2026 Pricing (verified against zoho.com/au/books): Free (for businesses with annual revenue under USD $50,000, approximately AUD $77,000 at current exchange rates), Standard $16.50/month, Professional $33/month, Premium $44/month.

Best for: Value-conscious small business owners, and those already using the Zoho One suite (Zoho CRM, Zoho Inventory).

Practitioner strengths: The value proposition is unmatched. The Premium plan at $44/month includes advanced features like vendor portals, purchase approvals, and automated workflow rules — features you would pay hundreds of dollars for on enterprise platforms.

Honest limitations: The user interface is functional but lacks the polish of Xero. Their payroll module, Zoho Payroll, is compliant but newer to the Australian market; it does not handle complex hospitality awards as elegantly as MYOB.
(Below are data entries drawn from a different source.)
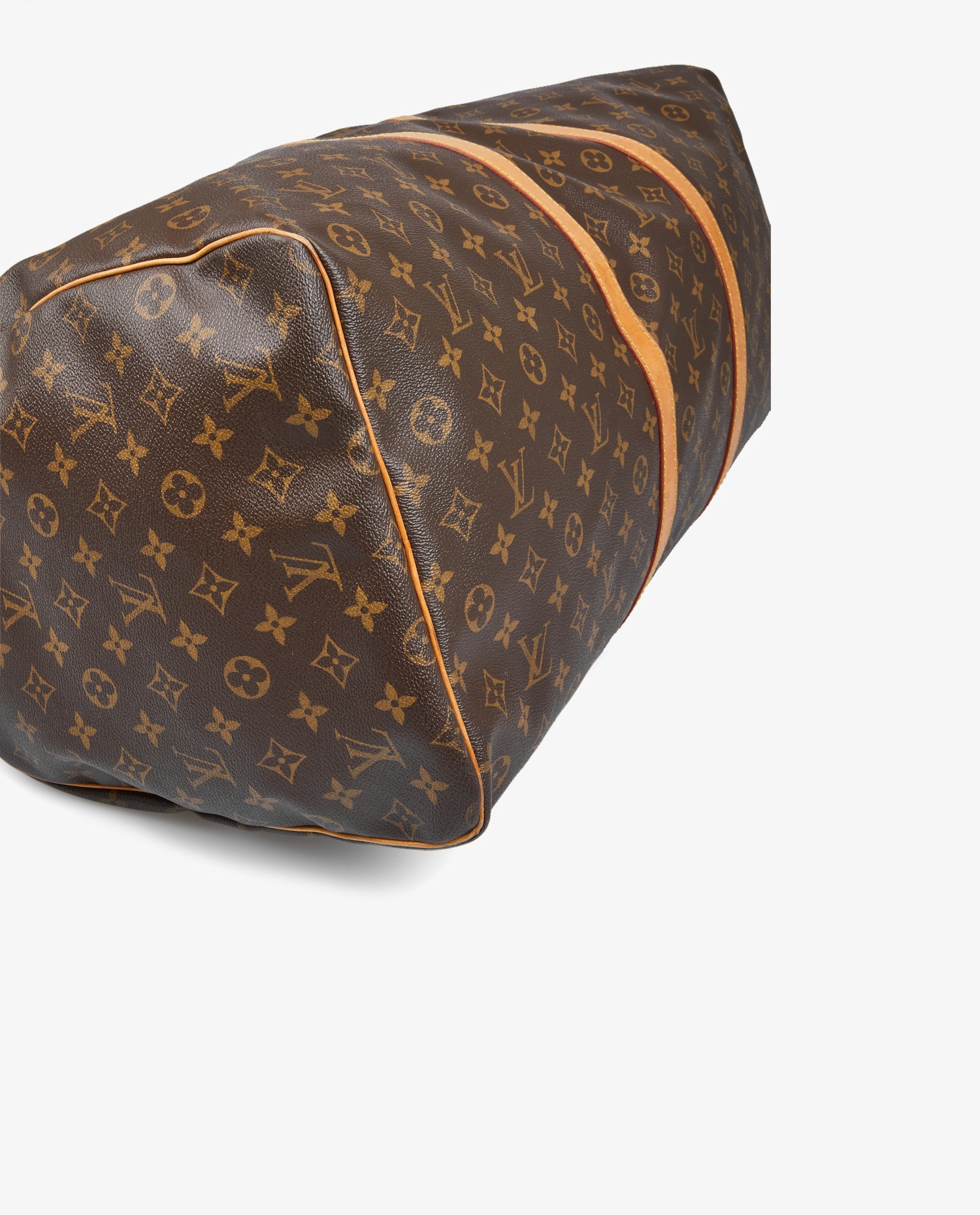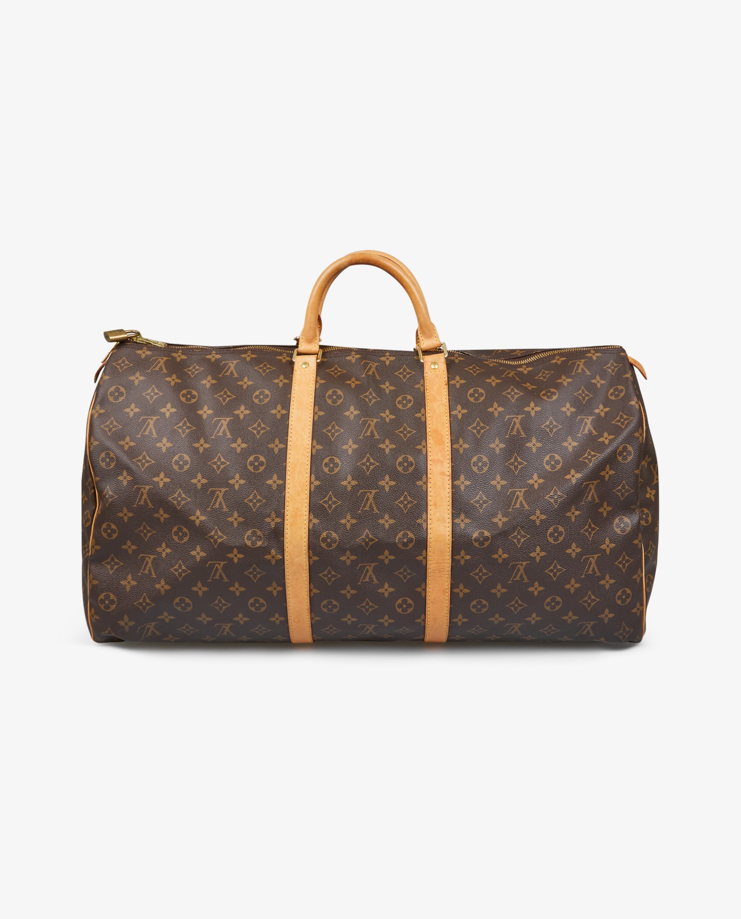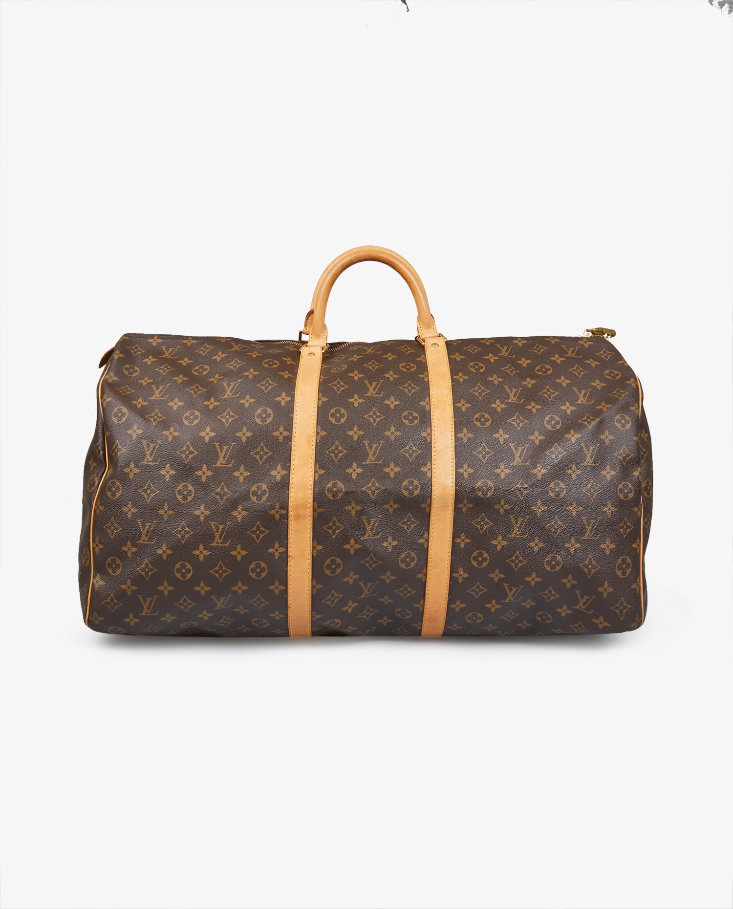 Keepall 60cm Louis Vuitton in monogram canvas and natural cowhide leather. Ideal for short getaways. It is carried by hand, but a shoulder strap can be added. In very good condition.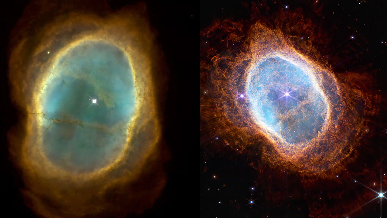 Southern Ring Nebulası (Solda Hubble, sağda James Webb)⇓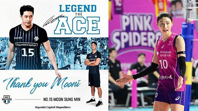 ▲ 올 시즌을 끝으로 은퇴하는 '배구 전설' 문성민(왼쪽)과 김연경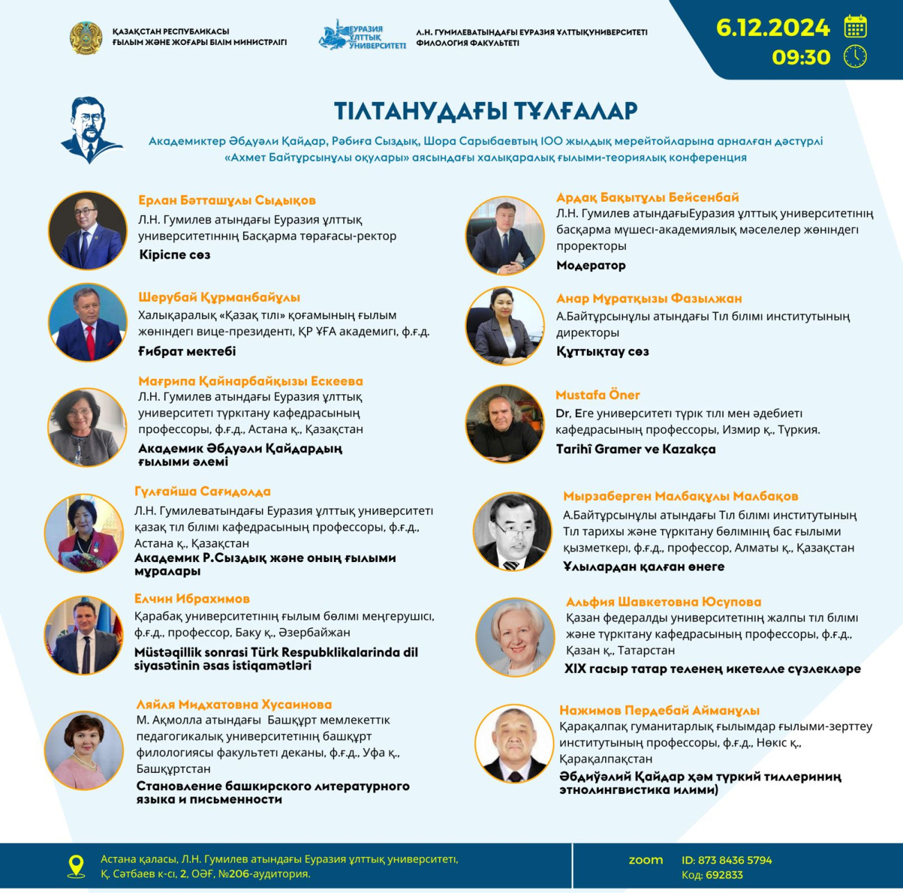 6 Aralık’ta L.N. Gumilyov Avrasya Ulusal Üniversitesi tarafından düzenlenen konferans, akademisyenler Abdulali Kaidar, Rabiga Syzdyk ve Shora Sarybaev’in 100. yıl dönümüne adandı.
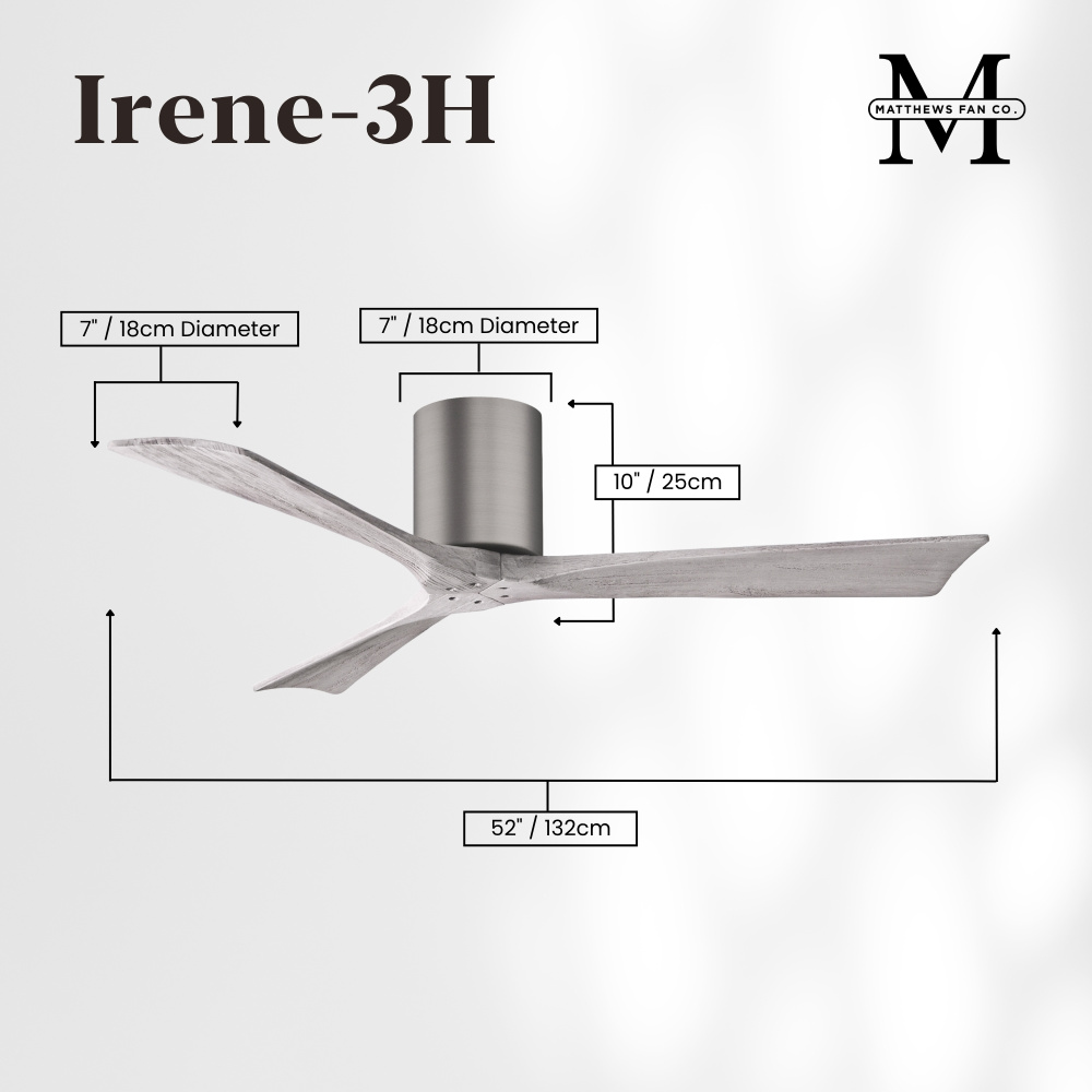 Irene-3H - Three Blade Flush Mount Paddle Fan - 52" - Brushed Pewter Finish - Barn Wood Tone Bla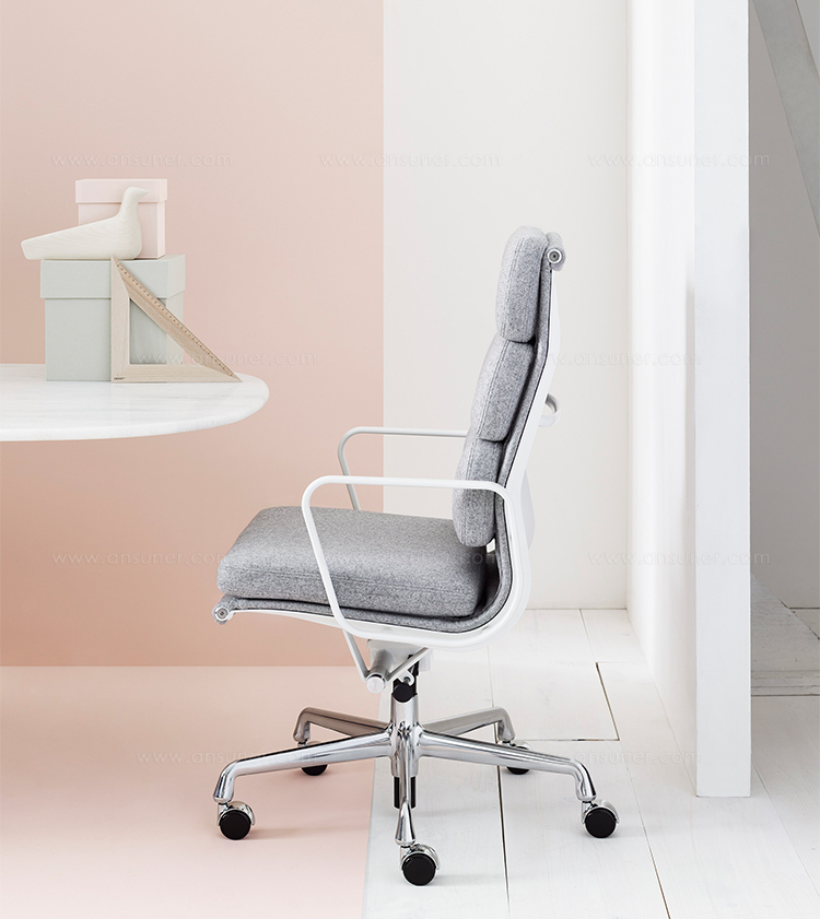 Charles与RayEames夫妇是20世纪最有影响力的设计师,卓越的设计涵盖了家具、建筑、影像与平面设计。他们从二次世界大战中美国海军的实验计画中学习经验并发展可谓是现今工业中使用模铸胶合版的先锋,这对设计界的超级夫妇档自1940年参与了由MOMA举办的有机家具设计大赛,自今已有近百件他们的作品被各大博物馆所永久典藏。Eames® Soft Pad Executive Chair(伊姆斯软包大班椅)是夫妻俩1958年设计的,是在全铝系列的基础上发展的另一系列Eames产品。舒适系列在全铝的椅架上增加了皮革制的柔软坐垫和靠背,高级铝合金制作,压模五星脚,可旋转。背垫和坐垫,采用西皮,具有透气性强,内部填充高密度定型绵,不易变形,不老化,依人体坐姿,符合人体工学,耐水及对人体无害等优势。椅子扶手选用优质电镀铝合金扶手,手感舒适,永久不生锈。转椅底盘为多功能底盘,可以保护使用者长时间坐用腿部健康,且作为高度可多定位调节。气压棒采用的气杆是正规厂家出产的外贸气杆,每一根气杆都有钢印,经过严格SGS检测的才可出厂,旋转、升降自如基本无声响,使用寿命长,可承受250kg,可升降数万次,将椅面调至与膝盖同高时,使用者坐下后双脚跟可垂直平放于地上,且大腿与地面平行,最符合人体工学理论,使用者长期久坐,也不想疲惫。办公椅脚为铝合金材质永久不生锈、承受能力强,安全更放心。椅子脚轮采用优质电镀片脚轮,耐用而美观,可以随意变换位置,贴心更方便,具有防震及防松脱,让椅子的安全性能更加可靠。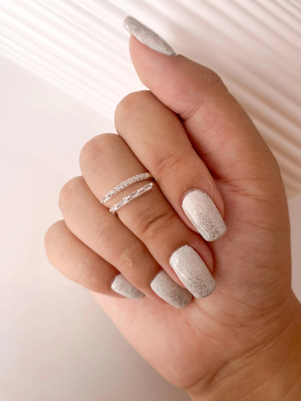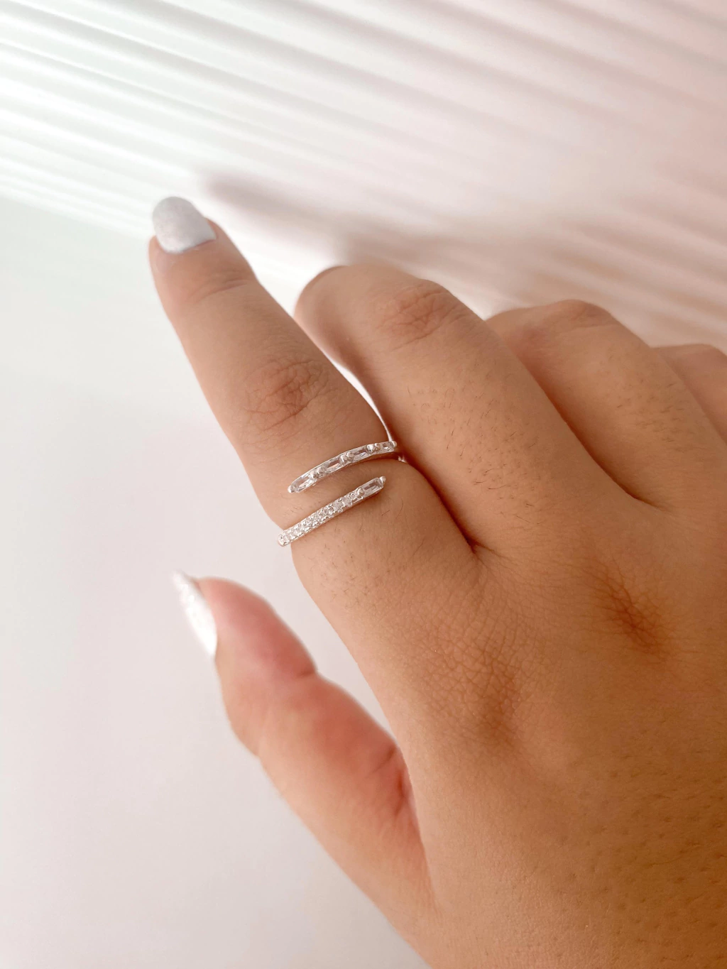Adicione elegância e versatilidade ao seu visual com o Anel Regulável com Zircônia Baguete e Aro Cravejado em Micro Zircônias Cristal.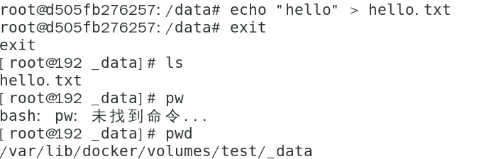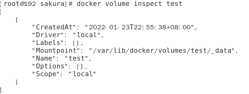 可以看到,Mountpoint值为/var/lib/docker/volumes/test/_data,说明改卷会将选定的容器目录映射进主机的该目录中。如果想要让容器使用该卷,使用run -v test:...来绑定该卷即可。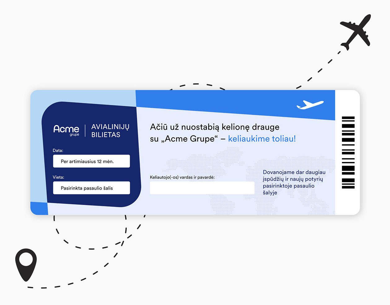 „ACME“ avialinijų bilieto dizainas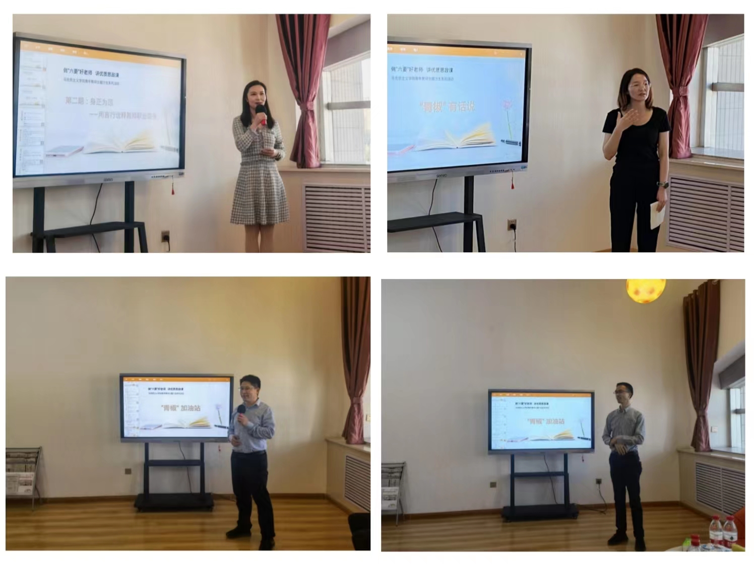 活动伊始,四位青年教师结合自己的教学实践和在师大期间的求学经历,分别从教师与学生的视角诠释了教师职业道德的标准以及发生在师大师德师风等的事例作交流分享。他们谈到,身为一名教师,要秉持“学高为师,身正为范”的理念,厚植教育情怀,加强实践淬炼,将更好的课堂带给祖国的下一代。思政课教师是守正创新的开拓者,也是立德树人的主力军,为广大青年筑梦引路、为教育事业尽心竭力、为党和国家培根铸魂是我们所肩负的职责使命。最后,四位青年教师呼吁我们要用知识与情怀砥砺育人初心,以强烈的时代使命感和担当精神创造崭新的成就,以有信仰,有情怀,有本领的积极姿态投身于中华民族伟大复兴的历史洪流。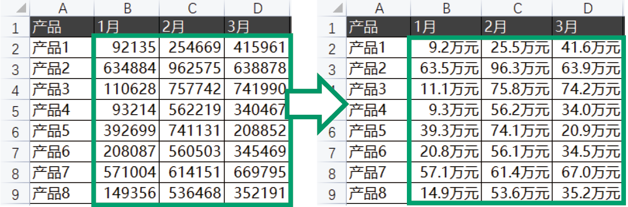 当表格中的数字位数非常多时,阅读起来很不方便。如果改成多少“万”的形式显示,可以有效提升阅读效率。
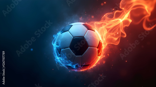 Fototapeta premium Fiery Soccer Ball Art: Dynamic Football with Blue and Red Flames -...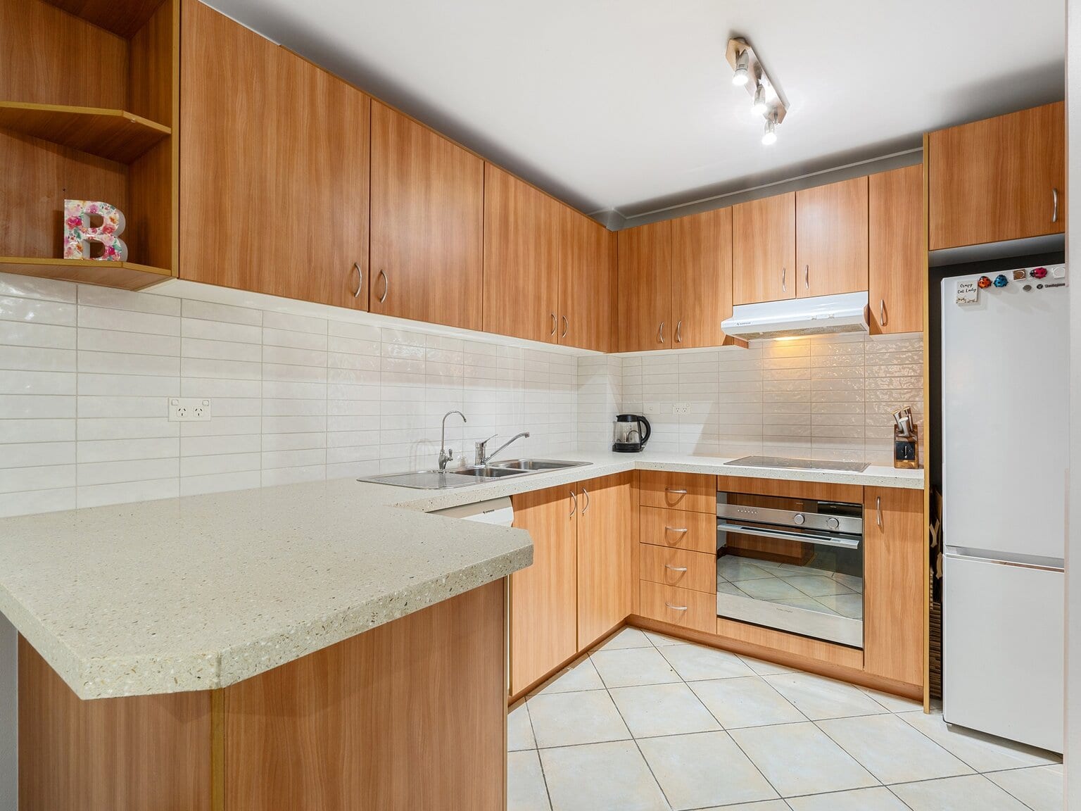 – The fresh kitchen offers generous bench space and abundant cabinetry, enhanced by a stylish subway tile splash back and a dedicated microwave cabinet for extra storage.

BAS/GST compliance: Fully compliant with native ATO SBR lodgement.

STP Phase 2 and Payday Super: Fully compliant via the native Zoho Payroll add-on.

Bank feeds: Covers major Australian banks, though occasionally requires manual re-authentication more often than Xero.

App ecosystem: Unbeatable if you stay within the Zoho ecosystem; average if you rely on niche third-party Australian apps.

Who should NOT use it: Hospitality businesses with complex, multi-tiered award wages.

5. FreshBooks (Best for Service-Based Freelancers and Consultants)

FreshBooks started purely as an invoicing tool and evolved into a lightweight accounting suite. It is aggressively marketed toward the “non-accountant.”

2026 Pricing: Lite approximately AUD $15/month, Plus approximately AUD $25/month, Premium approximately AUD $50/month. FreshBooks primarily bills in USD, so exact AUD prices fluctuate with exchange rates.

Best for: Digital marketing agencies, sole trader consultants, and graphic designers who only need to send invoices and track expenses.

Practitioner strengths: FreshBooks has the best time-tracking and client-facing invoicing features on the market. Proposals and estimates look highly professional, making it easy for freelancers to win work and get paid quickly via credit card integrations.

Honest limitations: FreshBooks is fundamentally a Canadian/US platform. As a Registered BAS Agent, I find their backend reconciliation clunky. If you sell physical products, the inventory system is practically non-existent.

BAS/GST compliance: It calculates Australian GST, but lacks direct SBR lodgement to the ATO. You or your accountant will need to manually copy figures into the ATO Business Portal.

STP Phase 2 and Payday Super: FreshBooks does not have native Australian payroll. You must integrate a third-party app such as KeyPay/Employment Hero to pay staff compliantly.

Bank feeds: Reasonable coverage, but relies heavily on third-party aggregators rather than direct tier-one API feeds.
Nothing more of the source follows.